About this exercise:
Please return the listing below exactly, without any of its pictures.

Exercise data:
Content starts
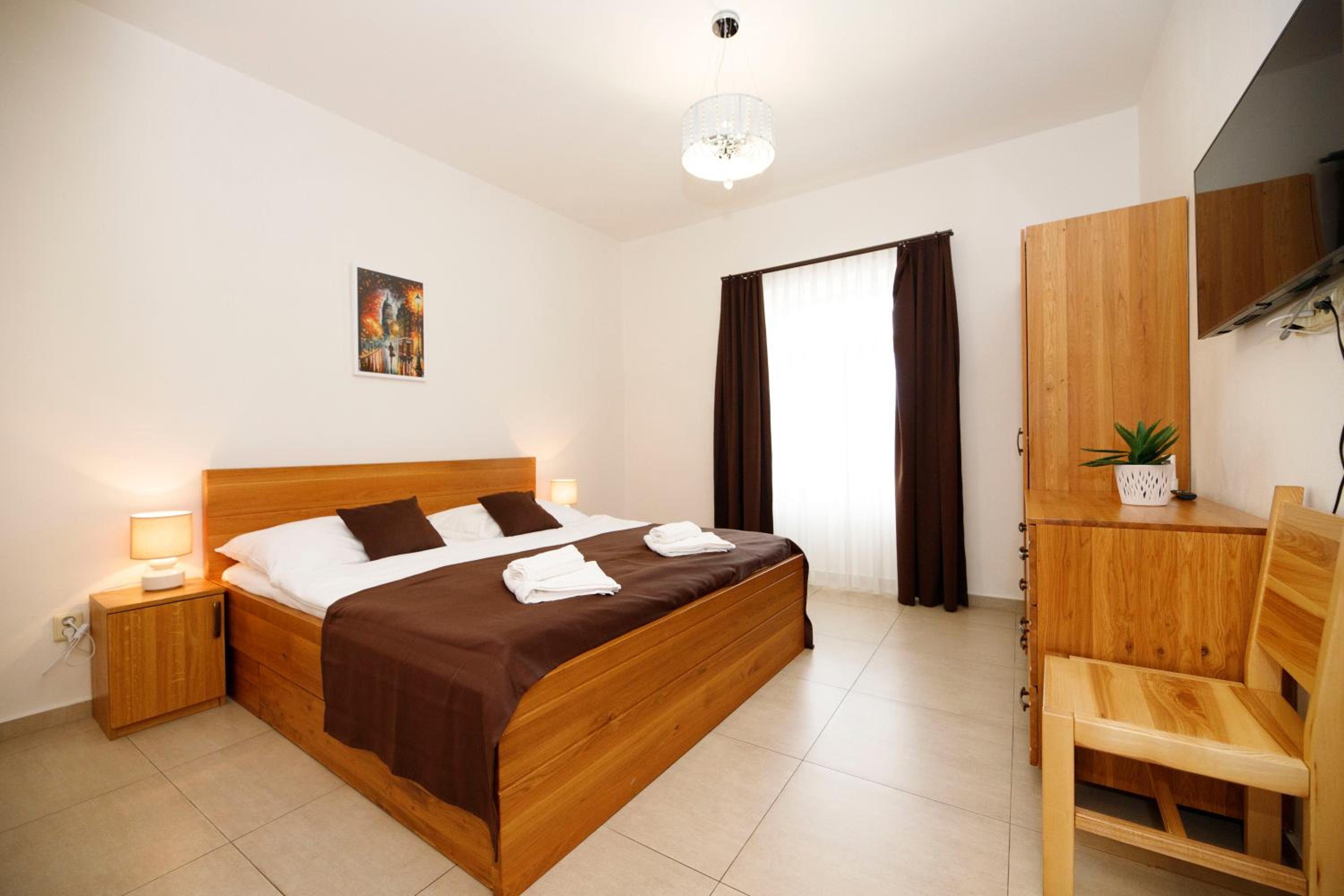 Líbila se mi velikost apartmánu Deluxe, dále také hezké vybavení pokoje. Použité jsou zde kvalitní materiály, zejména ze dřeva. Celý apartmán se jevil jako velmi čistý. Na pokoji se nacházejí dvě televize, jedna televize je přímo naproti vířivé vaně a druhá televize, větší, se nachází naproti manželské posteli. Samoobslužná recepce funguje velice dobře, je to rychlé a precizní. Při drobném problému stačilo zavolat na telefonní číslo uvedené na webových stránkách a vše osobně vyřešili. Parkování před hotelem bylo zdarma a dostačující. Snídaně nebyla formou bufetu, pravděpodobně z důvodu nízkého počtu hostů na hotelu, ale bylo o nás postaráno velmi dobře. Dostali jsme obložený talíř a na výběr z několika teplých pokrmů. Káva z kávovaru byla překvapivě vysoce kvalitní.
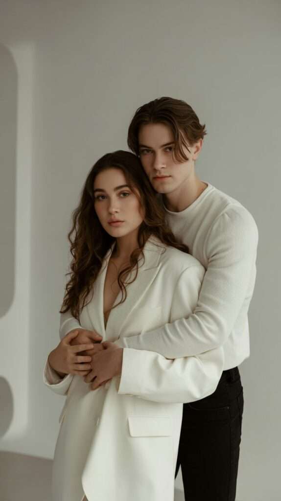 Simple background + dramatic lighting + elegant outfits. A minimalist studio shoot eliminates distractions and focuses entirely on emotion, body language, and connection. This creates magazine-style images that feel classic and timeless.
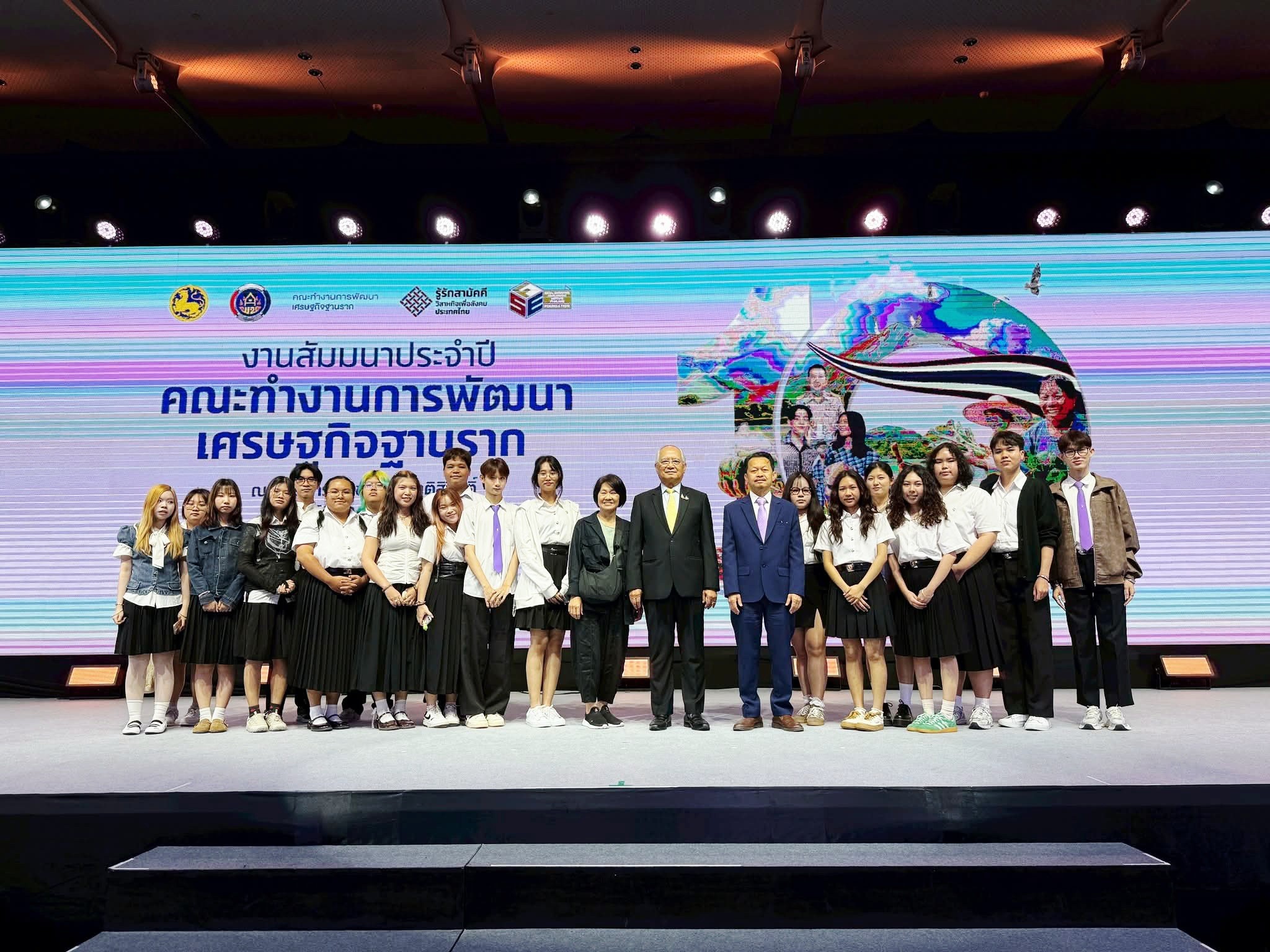 รศ. พิศมัย อาวะกุลพาณิชย์ และ ผศ. ภัทริน ลิมปรุ่งพัฒนกิจ พานักศึกษาปี 2 กลุ่มสิ่งทอ สาขาวิชาการออกแบบ คณะวิจิตรศิลป์ มหาวิทยาลัยเชียงใหม่ เดินทางเข้าร่วมงานสัมมนาประจำปีคณะทำงานการพัฒนาเศรษฐกิจฐานราก ณ ศูนย์ประชุมแห่งชาติสิริกิติ์ วันจันทร์ที่ 29 กันยายน 2568
Content ends
Final answer:
 Líbila se mi velikost apartmánu Deluxe, dále také hezké vybavení pokoje. Použité jsou zde kvalitní materiály, zejména ze dřeva. Celý apartmán se jevil jako velmi čistý. Na pokoji se nacházejí dvě televize, jedna televize je přímo naproti vířivé vaně a druhá televize, větší, se nachází naproti manželské posteli. Samoobslužná recepce funguje velice dobře, je to rychlé a precizní. Při drobném problému stačilo zavolat na telefonní číslo uvedené na webových stránkách a vše osobně vyřešili. Parkování před hotelem bylo zdarma a dostačující. Snídaně nebyla formou bufetu, pravděpodobně z důvodu nízkého počtu hostů na hotelu, ale bylo o nás postaráno velmi dobře. Dostali jsme obložený talíř a na výběr z několika teplých pokrmů. Káva z kávovaru byla překvapivě vysoce kvalitní.
 Simple background + dramatic lighting + elegant outfits. A minimalist studio shoot eliminates distractions and focuses entirely on emotion, body language, and connection. This creates magazine-style images that feel classic and timeless.
 รศ. พิศมัย อาวะกุลพาณิชย์ และ ผศ. ภัทริน ลิมปรุ่งพัฒนกิจ พานักศึกษาปี 2 กลุ่มสิ่งทอ สาขาวิชาการออกแบบ คณะวิจิตรศิลป์ มหาวิทยาลัยเชียงใหม่ เดินทางเข้าร่วมงานสัมมนาประจำปีคณะทำงานการพัฒนาเศรษฐกิจฐานราก ณ ศูนย์ประชุมแห่งชาติสิริกิติ์ วันจันทร์ที่ 29 กันยายน 2568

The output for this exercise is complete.